Compiling leads to error before run:

File "c:\Python36-32\Lib\site-packages\lark\load_grammar.py", line 327, in _fix_escaping s = literal_eval(to_eval) File "c:\Python36-32\Lib\ast.py", line 48, in literal_eval node_or_string = parse(node_or_string, mode='eval') File "c:\Python36-32\Lib\ast.py", line 35, in parse return compile(source, filename, mode, PyCF_ONLY_AST) File "", line 1, in ?

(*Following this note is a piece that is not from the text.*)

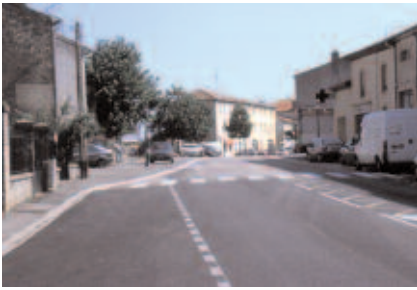
Retrécissement de la voie au niveau de l'aménagement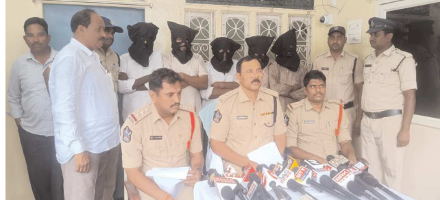
చిలకలూరిపేట పెన్ పవర్ ప్రతినిధి అక్టోబర్ 08 :

చాకచాక్యంతో కేసును చేధించిన రూరల్ సీబిఐ సుబ్బానాయుడు, సిబ్బందికి డీఎస్సీ అభినందనలు

Syntax Error: (unicode error) 'unicodeescape' codec can't decode bytes in position 8-9: truncated \uXXXX escape: , line 1, pos 0

During handling of the above exception, another exception occurred:

 File "C:\Users\FruitfulApproach\Desktop\BananaCats_\language\user_inputparser.py", line 47, in parser = UserInputParser()  File "C:\Users\FruitfulApproach\Desktop\BananaCats\language\user_input_parser.py", line 40, in init self._parser = Lark(self.grammar, parser='lalr', lexer='contextual') File "c:\Python36-32\Lib\site-packages\lark\lark.py", line 156, in init tokens, self.rules, self.ignore_tokens = self.grammar.compile(lexer=bool(lexer), start=self.options.start) File "c:\Python36-32\Lib\site-packages\lark\load_grammar.py", line 490, in compile for name, (token_tree, priority) in token_defs] File "c:\Python36-32\Lib\site-packages\lark\load_grammar.py", line 490, in for name, (token_tree, priority) in token_defs] File "c:\Python36-32\Lib\site-packages\lark\tree.py", line 139, in transform tree = t.transform(tree) File "c:\Python36-32\Lib\site-packages\lark\tree.py", line 113, in transform items.append(self.transform(c) if isinstance(c, Tree) else c) File "c:\Python36-32\Lib\site-packages\lark\tree.py", line 113, in transform items.append(self.transform(c) if isinstance(c, Tree) else c) File "c:\Python36-32\Lib\site-packages\lark\tree.py", line 121, in transform return f(items) File "c:\Python36-32\Lib\site-packages\lark\utils.py", line 72, in _f return f.func(self, *args) File "c:\Python36-32\Lib\site-packages\lark\load_grammar.py", line 356, in literal return T('pattern', [_literal_to_pattern(literal)]) File "c:\Python36-32\Lib\site-packages\lark\load_grammar.py", line 345, in _literal_to_pattern s = _fix_escaping(x) File "c:\Python36-32\Lib\site-packages\lark\load_grammar.py", line 329, in _fix_escaping raise ValueError(s, e)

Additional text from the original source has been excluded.